→ How to complete this task
Although the entries contain pictures, only their text goes into the copy, set down exactly.

::: Data shown :::

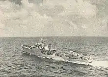 INS Khukri was a Type 14 (Blackwood-class) frigate of the Indian Navy. She was sunk off the coast of Diu, Gujarat, India by the Pakistan Navy Daphné-class submarine Hangor on 9 December 1971 during the Indo-Pakistani War of 1971. This was the first warship sunk in action by a submarine since World War II. It remains the post-independence Indian navy's only warship to be lost in war.[2][3]
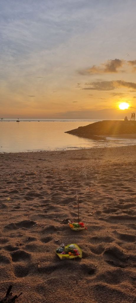 En Bali la gente deja estas ofrendas por todos lados. Son típicas estas canastillas hechas de hojas de banano con flores y sahumerios. Estas están por TODOS lados. Típicamente en las puertas de las casas, templos, negocios, en las calles e incluso en los autos.
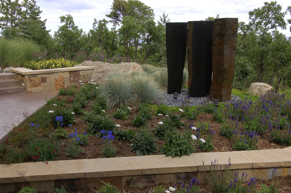 If you are thinking about placing art in your landscape there are several items to consider. First is the size of the sculpture. If too small the art will get lost among the landscape planting. If too large the sculpture will be too dominant and look out of place. Also, consider the materials. Will the weather and elements break down the finish on the art? Does the material go with the style of the landscape? A wood-carved bear may not fit in with formal hedges but would look great among Aspen trees and other Rocky Mountain plants.
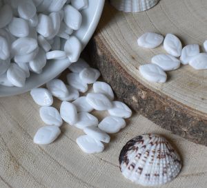 Skleněné lístečky cca 10x6mm - bílé - 30 ks
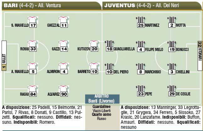 BARI – Oggi alle ore 18,00 allo stadio San Nicola di Bari esordirà anche la Juventus targata Gigi Del Neri. La nuova Juve, se così si può definire scenderà in campo con cinque acquisti di questa stagione vale a dire: Quagliarella, Martinez, Pepe, Bonucci e Storari. Il Bari tuttavia non si farà intimorire e si prospetta il pubblico delle grandi occasioni a spingere la propria squadra, ecco le probabili formazioni prese dal Corriere dello Sport.
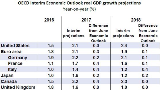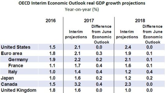 Due o tre cose che l’Ocse ci fa sapere. L’Ocse ha rilasciato le sue previsioni per quest’anno e il prossimo che sono buone, almeno nel breve periodo, ma meno buone se guardiamo alla sostanza dei problemi ancora irrisolti che gravano sulle prospettive di una crescita robusta. I dati sulle previsioni sono questi in tabella.

:::

→ Solved problem
 INS Khukri was a Type 14 (Blackwood-class) frigate of the Indian Navy. She was sunk off the coast of Diu, Gujarat, India by the Pakistan Navy Daphné-class submarine Hangor on 9 December 1971 during the Indo-Pakistani War of 1971. This was the first warship sunk in action by a submarine since World War II. It remains the post-independence Indian navy's only warship to be lost in war.[2][3]
 En Bali la gente deja estas ofrendas por todos lados. Son típicas estas canastillas hechas de hojas de banano con flores y sahumerios. Estas están por TODOS lados. Típicamente en las puertas de las casas, templos, negocios, en las calles e incluso en los autos.
 If you are thinking about placing art in your landscape there are several items to consider. First is the size of the sculpture. If too small the art will get lost among the landscape planting. If too large the sculpture will be too dominant and look out of place. Also, consider the materials. Will the weather and elements break down the finish on the art? Does the material go with the style of the landscape? A wood-carved bear may not fit in with formal hedges but would look great among Aspen trees and other Rocky Mountain plants.
 Skleněné lístečky cca 10x6mm - bílé - 30 ks
 BARI – Oggi alle ore 18,00 allo stadio San Nicola di Bari esordirà anche la Juventus targata Gigi Del Neri. La nuova Juve, se così si può definire scenderà in campo con cinque acquisti di questa stagione vale a dire: Quagliarella, Martinez, Pepe, Bonucci e Storari. Il Bari tuttavia non si farà intimorire e si prospetta il pubblico delle grandi occasioni a spingere la propria squadra, ecco le probabili formazioni prese dal Corriere dello Sport.
 Due o tre cose che l’Ocse ci fa sapere. L’Ocse ha rilasciato le sue previsioni per quest’anno e il prossimo che sono buone, almeno nel breve periodo, ma meno buone se guardiamo alla sostanza dei problemi ancora irrisolti che gravano sulle prospettive di una crescita robusta. I dati sulle previsioni sono questi in tabella.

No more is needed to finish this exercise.